Internet Engineering Task Force (IETF) C. Holmberg Request for Comments: 6135 Ericsson Category: Standards Track S. Blau ISSN: 2070-1721 Ericsson AB February 2011
Internet Engineering Task Force (IETF) C. Holmberg Request for Comments: 6135 Ericsson Category: Standards Track S. Blau ISSN: 2070-1721 Ericsson AB February 2011
An Alternative Connection Model for the Message Session Relay Protocol (MSRP)
消息会话中继协议(MSRP)的替代连接模型
Abstract
摘要
This document defines an alternative connection model for Message Session Relay Protocol (MSRP) User Agents (UAs); this model uses the connection-oriented media (COMEDIA) mechanism in order to create the MSRP transport connection. The model allows MSRP UAs behind Network Address Translators (NATs) to negotiate which endpoint initiates the establishment of the Transmission Control Protocol (TCP) connection, in order for MSRP messages to traverse the NAT.
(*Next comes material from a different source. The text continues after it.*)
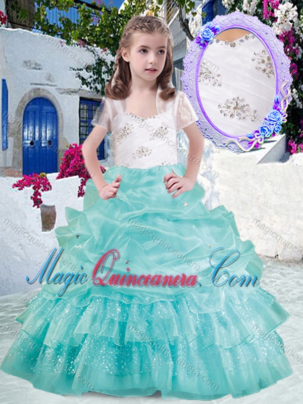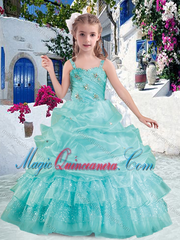 2016 Elegant Straps Ball Gown Little Girl Pageant Dresses with Beading and Bubles

本文档定义了消息会话中继协议(MSRP)用户代理(UAs)的替代连接模型;该模型使用面向连接的媒体(COMEDIA)机制来创建MSRP传输连接。该模型允许网络地址转换器(NAT)后面的MSRP UAs协商哪个端点启动传输控制协议(TCP)连接的建立,以便MSRP消息穿过NAT。
Status of This Memo
关于下段备忘
This is an Internet Standards Track document.
这是一份互联网标准跟踪文件。
This document is a product of the Internet Engineering Task Force (IETF). It represents the consensus of the IETF community. It has received public review and has been approved for publication by the Internet Engineering Steering Group (IESG). Further information on Internet Standards is available in Section 2 of RFC 5741.
本文件是互联网工程任务组(IETF)的产品。它代表了IETF社区的共识。它已经接受了公众审查,并已被互联网工程指导小组(IESG)批准出版。有关互联网标准的更多信息,请参见RFC 5741第2节。
Information about the current status of this document, any errata, and how to provide feedback on it may be obtained at http://www.rfc-editor.org/info/rfc6135.
有关本文件当前状态、任何勘误表以及如何提供反馈的信息,请访问http://www.rfc-editor.org/info/rfc6135.
Copyright Notice
版权公告
Copyright (c) 2011 IETF Trust and the persons identified as the document authors. All rights reserved.
版权所有(c)2011 IETF信托基金和确定为文件作者的人员。版权所有。
This document is subject to BCP 78 and the IETF Trust's Legal Provisions Relating to IETF Documents (http://trustee.ietf.org/license-info) in effect on the date of publication of this document. Please review these documents carefully, as they describe your rights and restrictions with respect to this document. Code Components extracted from this document must include Simplified BSD License text as described in Section 4.e of the Trust Legal Provisions and are provided without warranty as described in the Simplified BSD License.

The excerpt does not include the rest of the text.